So once again this shows that being seekable and being pollable is not generally mutually exclusive. From this point of view I would check the return from epoll_ctl when we initially try to register fd to the poller

https://github.com/golang/go/blob/516e6f6d/src/os/file_unix.go#L173
https://github.com/golang/go/blob/516e6f6d/src/os/file_unix.go#L91

and put that information into some flag to later know whether file descriptor was set to be non-blocking / registered to epoll.

Thanks again,
Kirill

Contributor

navytux commented Apr 25, 2017

Thanks for feedback.

  • I've spawned #20110 about Close vs ReadAt
  • thanks for clarifying about Windows lock & syscall.Pread returns which I missed
  • for me an example of both practically seekable and pollable file would be file located on network or otherwise active filesystem. From this point of view seekable and pollable properties are not mutually exclusive. If we grep linux filesystems sources for being pollable support we see:
kirr@deco:~/src/linux/linux/fs$ git grep '\.poll'
cachefiles/daemon.c:    .poll           = cachefiles_daemon_poll,
coda/psdev.c:   .poll           = coda_psdev_poll,
dlm/plock.c:    .poll    = dev_poll,
dlm/user.c:     .poll    = device_poll,
ecryptfs/miscdev.c:     .poll    = ecryptfs_miscdev_poll,
eventfd.c:      .poll           = eventfd_poll,
eventpoll.c:    .poll           = ep_eventpoll_poll,
fuse/cuse.c:    .poll                   = fuse_file_poll,
fuse/dev.c:     .poll           = fuse_dev_poll,
fuse/file.c:    .poll           = fuse_file_poll,
fuse/file.c:    .poll           = fuse_file_poll,
kernfs/file.c:  .poll           = kernfs_fop_poll,
notify/fanotify/fanotify_user.c:        .poll           = fanotify_poll,
notify/inotify/inotify_user.c:  .poll           = inotify_poll,
ocfs2/dlmfs/dlmfs.c:    .poll           = dlmfs_file_poll,
orangefs/devorangefs-req.c:     .poll = orangefs_devreq_poll
pipe.c: .poll           = pipe_poll,
proc/inode.c:   .poll           = proc_reg_poll,
proc/inode.c:   .poll           = proc_reg_poll,
proc/kmsg.c:    .poll           = kmsg_poll,
proc/proc_sysctl.c:     .poll           = proc_sys_poll,
proc_namespace.c:       .poll           = mounts_poll,
proc_namespace.c:       .poll           = mounts_poll,
signalfd.c:     .poll           = signalfd_poll,
timerfd.c:      .poll           = timerfd_poll,
userfaultfd.c:  .poll           = userfaultfd_poll,

so eventhough NFS is not there

  • notably FUSE is there (and this way any fuse-based filesystem which support polling, because e.g. it is synthethic with data depending on network or something else).
  • some files on /proc are there too - e.g. /proc/kmsg.

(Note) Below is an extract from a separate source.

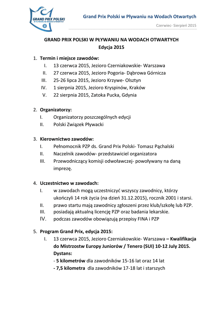 Grand Prix Polski w Pływaniu na Wodach Otwartych Czerwiec- Sierpieo 2015 GRAND PRIX POLSKI W PŁYWANIU NA WODACH OTWARTYCH Edycja 2015 1. Termin i miejsce zawodów: I. 13 czerwca 2015, Jezioro Czerniakowskie- Warszawa II. 27 czerwca 2015, Jezioro Pogoria- Dąbrowa Górnicza III. 25-26 lipca 2015, Jezioro Krzywe- Olsztyn IV. 1 sierpnia 2015, Jezioro Kryspinów, Kraków V. 22 sierpnia 2015, Zatoka Pucka, Gdynia 2. Organizatorzy: I. Organizatorzy poszczególnych edycji II. Polski Związek Pływacki 3. Kierownictwo zawodów: I. Pełnomocnik PZP ds. Grand Prix Polski- Tomasz Pąchalski II. Naczelnik zawodów- przedstawiciel organizatora III. Przewodniczący komisji odwoławczej- powoływany na daną imprezę. 4. Uczestnictwo w zawodach: I. w zawodach mogą uczestniczyd wszyscy zawodnicy, którzy ukooczyli 14 rok życia (na dzieo 31.12.2015), rocznik 2001 i starsi. II. prawo startu mają zawodnicy zgłoszeni przez klub/szkołę lub PZP. III. posiadają aktualną licencję PZP oraz badania lekarskie. IV. podczas zawodów obowiązują przepisy FINA i PZP 5. Program Grand Prix, edycja 2015: I. 13 czerwca 2015, Jezioro Czerniakowskie- Warszawa – Kwalifikacja do Mistrzostw Europy Juniorów / Tenero (SUI) 10-12 July 2015. Dystans: - 5 kilometrów dla zawodników 15-16 lat oraz 14 lat - 7,5 kilometra dla zawodników 17-18 lat i starszych Grand Prix Polski w Pływaniu na Wodach Otwartych Czerwiec- Sierpieo 2015 II. III. IV. V. 27 czerwca 2015, Jezioro Pogoria III- Dąbrowa Górnicza- POGORIA OPEN WATER- Otwarte Mistrzostwa Dąbrowy Górniczej Dystans: -3 kilometry dla zawodników 14 lat i starszych 25-26 lipca 2015, Jezioro Krzywe- Olsztyn- III Mistrzostwa Polski w Pływaniu Długodystansowym na Wodach Otwartych. Dystans: - 2,5 kilometra dla zawodników 14-letnich - 5 kilometrów dla zawodników 15-16 letnich -7,5 kilometra dla zawodników 17-18 letnich - 10 kilometrów dla zawodników 19lat i starszych 1 sierpnia 2015, Jezioro Kryspinów, Kraków- XXVI Krakowski Maraton Pływacki Dystans: - 5 kilometrów dla zawodników 14 lat i starszych 22 sierpnia 2015, Zatoka Pucka, Gdynia- BCT Gdynia Marathon 2015 Wyścig Open Dystans: - 2950m dla zawodników 14lat i starszych 6. Podział na kategorie wiekowe: I. Rywalizacja odbywa się z podziałem na kobiety oraz mężczyzn. II. Podział na kategorie: 1 kategoria 14lat 2 kategoria 15-16 lat 3 kategoria 17-18 lat 4 kategoria 19lat i starsi 7. Zasady punktacji w cyklu Grand Prix: I. Każdy zawodnik ma prawo do 1 startu w konkurencji przeznaczonej dla swojego rocznika w danej edycji cyklu Grand Prix. II. W każdej kategorii oraz w każdej konkurencji cyklu zawodnicy punktują wg następującego klucza: Grand Prix Polski w Pływaniu na Wodach Otwartych Czerwiec- Sierpieo 2015 III. IV. 1 miejsce- 9 punktów 2 miejsce- 7 punktów 3 miejsce- 6 punktów 4 miejsce- 5 punktów 5 miejsce- 4 punkty 6 miejsce- 3 punkty 7 miejsce- 2 punkty 8 miejsce- 1 punkt 9 miejsce i dalej bez punktu. Aby zawodnik został sklasyfikowany w całej edycji cyklu musi wystąpid minimum w 3 edycjach cyklu Grand Prix, w tym w Mistrzostwach Polski w Pływaniu na Wodach Otwartych. Wszyscy zawodnicy startujący w finałowej edycji Grand Prix w wyścigu Hel- Gdynia z powodu braku możliwości udziału w wyścigu na 2950m z automatu otrzymują 9 punktów do klasyfikacji generalnej cyklu Grand Prix. Zawodnicy wyścigu na 2950m punktują osobno zgodnie z regulaminem. 8. Przepisy techniczne: I. Wyścigi odbywają się zgodnie z regulaminem FINA, PZP oraz poszczególnych edycji cyklu Grand Prix. II. Na wszystkich zawodach cyklu Grand Prix obowiązuje elektroniczny pomiar czasu. 9. Zgłoszenia: I. Zgłoszenia dokonuje się przez formularze zgłoszeniowe do poszczególnych edycji zawodów. II. Zgłoszenia należy przesyład na adres i w terminach zgodnych z regulaminem poszczególnych edycji cyklu Grand Prix Polski. 10. Nagrody: I. Dla zwycięzców całego cyklu Grand Prix, którzy uzbierają najwięcej punktów w całym cyklu Polski Związek Pływacki przewiduje nadanie klas sportowych wg następującego klucza: Grand Prix Polski w Pływaniu na Wodach Otwartych Czerwiec- Sierpieo 2015 1 miejsce w kategorii 14 lat- 2 klasa sportowa 1-3 miejsce w kategorii 15-16 lat- 2 klasa sportowa 1 miejsce w kategorii 17-18 lat- 1 klasa sportowa, 2-3 miejsce-2 klasa sportowa 1 miejsce w kategorii 19 lat i starsi- Klasa sportowa Mistrzowska, 2-3 miejsce- 1 klasa sportowa * W przypadku kategorii junior 14 lat, 15-16 lat oraz 17-18 lat warunkiem przyznania klasy sportowej jest udział minimum 6 zawodników w danej kategorii w każdej edycji cyklu Grand Prix. II. III. IV. Za miejsca 1-3 w całym cyklu Grand Prix w kategorii 4 zawodnicy otrzymają nagrody finansowe (wg załącznik 1.) Za miejsca 1-3 w całym cyklu Grand Prix w kategoriach wiekowych 1-3 zawodnicy otrzymują nagrody rzeczowe. Dla zwycięzców całego cyklu Grand Prix w poszczególnych kategoriach przewidziane są puchary. 11.Zasady finansowania: I. Według zasad przewidzianych w regulaminach poszczególnych edycji cyklu GP. 12.Postanowienia koocowe: I. Według zasad generalnych. A. Załącznik numer 1.- Zestawienie nagród finansowych za podsumowanie zawodów Grand Prix: Za zwycięstwo w całym cyklu w kategorii 4/ 19lat i starsi/ przewiduje się nagrody finansowe wg klucza: 1 miejsce- 1000 zł 2 miejsce- 750 zł 3 miejsce- 500 zł

Below is a demo showing /proc/kmsg is both seekable and pollable:

---- 8< ----

#include <sys/types.h>
#include <sys/stat.h>
#include <sys/epoll.h>
#include <fcntl.h>
#include <unistd.h>

#include <stdio.h>
#include <stdlib.h>


int main() {
        int fd, epollfd;
        off_t off;
        struct epoll_event ev;

        fd = open("/proc/kmsg", O_RDWR);
        if (fd == -1) {
                perror("open");
                abort();
        }

        off = lseek(fd, 1, SEEK_CUR);
        if (off == -1) {
                perror("lseek");
                abort();
        }


        epollfd = epoll_create1(0);
        if (epollfd == -1) {
            perror("epoll_create1");
            abort();
        }

        ev.events = EPOLLIN;
        ev.data.fd = fd;
        if (epoll_ctl(epollfd, EPOLL_CTL_ADD, fd, &ev) == -1) {
            perror("epoll_ctl: add");
            abort();
        }
}
root@deco:/home/kirr/tmp/trashme/t# strace ./a.out 
...
open("/proc/kmsg", O_RDWR)              = 3
lseek(3, 1, SEEK_CUR)                   = 1
epoll_create1(0)                        = 4
epoll_ctl(4, EPOLL_CTL_ADD, 3, {EPOLLIN, {u32=3, u64=11215853338799112195}}) = 0
exit_group(0)                           = ?
+++ exited with 0 +++

---- 8< ----

  • the same way as /proc/kmsg is pollable and seekable many other files in /proc are pollable and seekable too (see proc/inode.c entry in above grep + below):
static const struct file_operations proc_reg_file_ops = {
        .llseek         = proc_reg_llseek,
        .read           = proc_reg_read,
        .write          = proc_reg_write,
        .poll           = proc_reg_poll,
        .unlocked_ioctl = proc_reg_unlocked_ioctl,
#ifdef CONFIG_COMPAT
        .compat_ioctl   = proc_reg_compat_ioctl,
#endif
        .mmap           = proc_reg_mmap,
        .get_unmapped_area = proc_reg_get_unmapped_area,
        .open           = proc_reg_open,
        .release        = proc_reg_release,
};
  • OCFS2 also supports both poll and llseek
  • NFS may add support for polling at some point.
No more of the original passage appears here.